*** THE RECORDS ***

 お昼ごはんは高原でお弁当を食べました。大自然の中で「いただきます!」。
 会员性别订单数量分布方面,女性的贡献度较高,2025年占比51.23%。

*** End of THE RECORDS ***
*** THE RECORDS ***

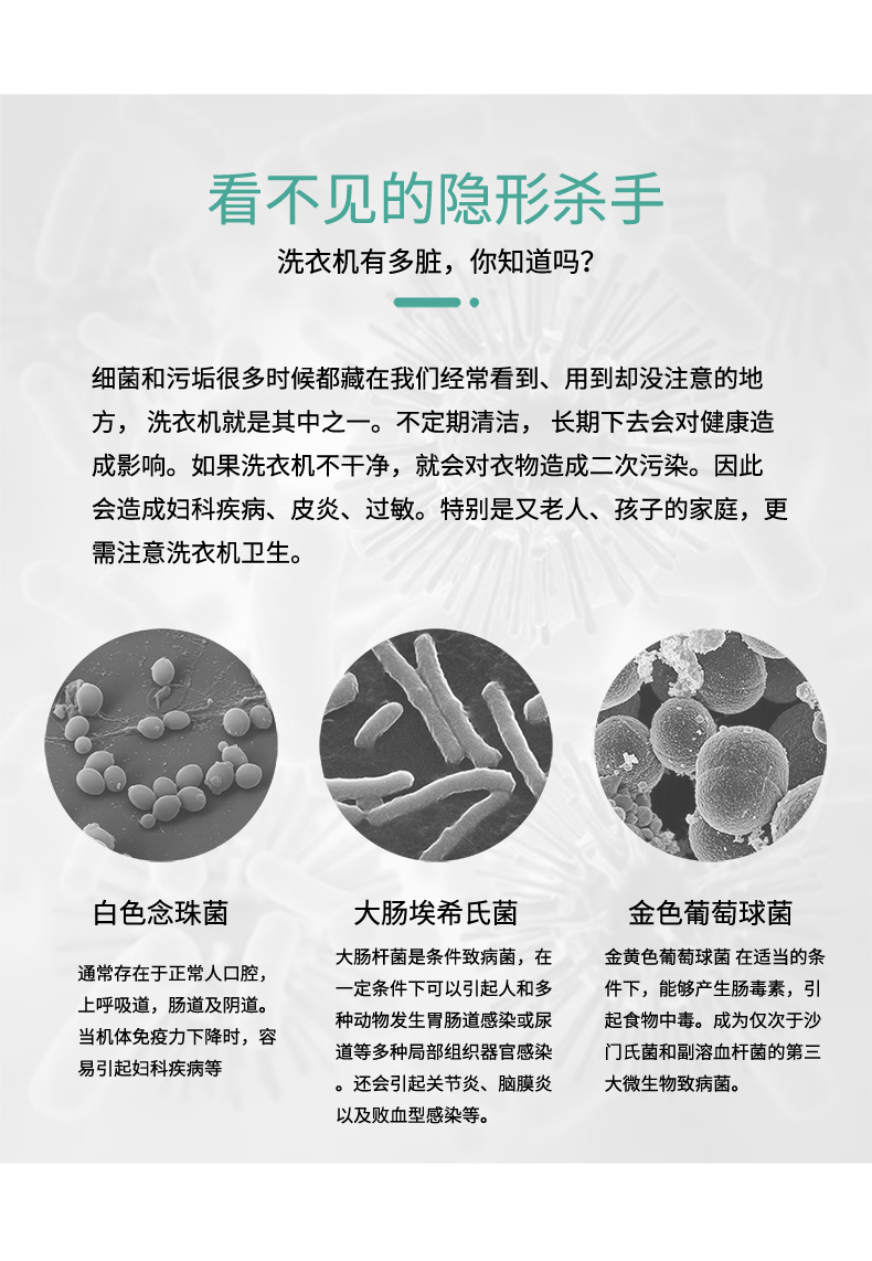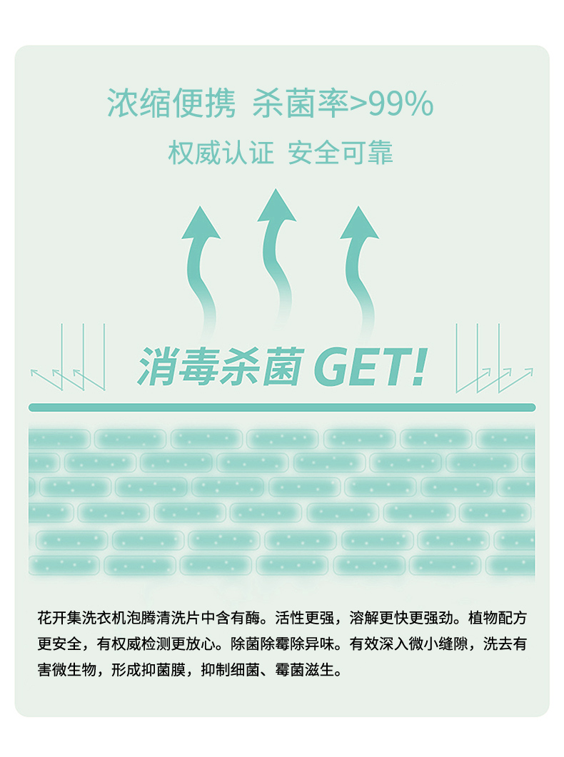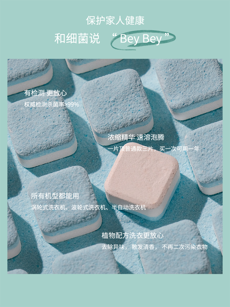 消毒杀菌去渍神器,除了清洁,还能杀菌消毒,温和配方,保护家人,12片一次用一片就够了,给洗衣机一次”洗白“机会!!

*** End of THE RECORDS ***
*** THE RECORDS ***

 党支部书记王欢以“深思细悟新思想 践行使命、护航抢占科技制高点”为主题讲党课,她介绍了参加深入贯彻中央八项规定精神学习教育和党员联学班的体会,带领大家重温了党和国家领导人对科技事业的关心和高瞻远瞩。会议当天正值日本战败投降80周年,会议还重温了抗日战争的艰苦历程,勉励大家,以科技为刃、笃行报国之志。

*** End of THE RECORDS ***

• [TASK DESCRIPTION]: Looking at the data above, write out exactly the lines that start at the one containing "お昼ごはんは高原でお弁当を食べました。大自然の中で「いただきます!」。" and end at the one containing "会员性别订单数量分布方面,女性的贡献度较高,2025年占比51.23%。"; include both and nothing beyond.

• [WRITTEN SOLUTION]:
 お昼ごはんは高原でお弁当を食べました。大自然の中で「いただきます!」。
 会员性别订单数量分布方面,女性的贡献度较高,2025年占比51.23%。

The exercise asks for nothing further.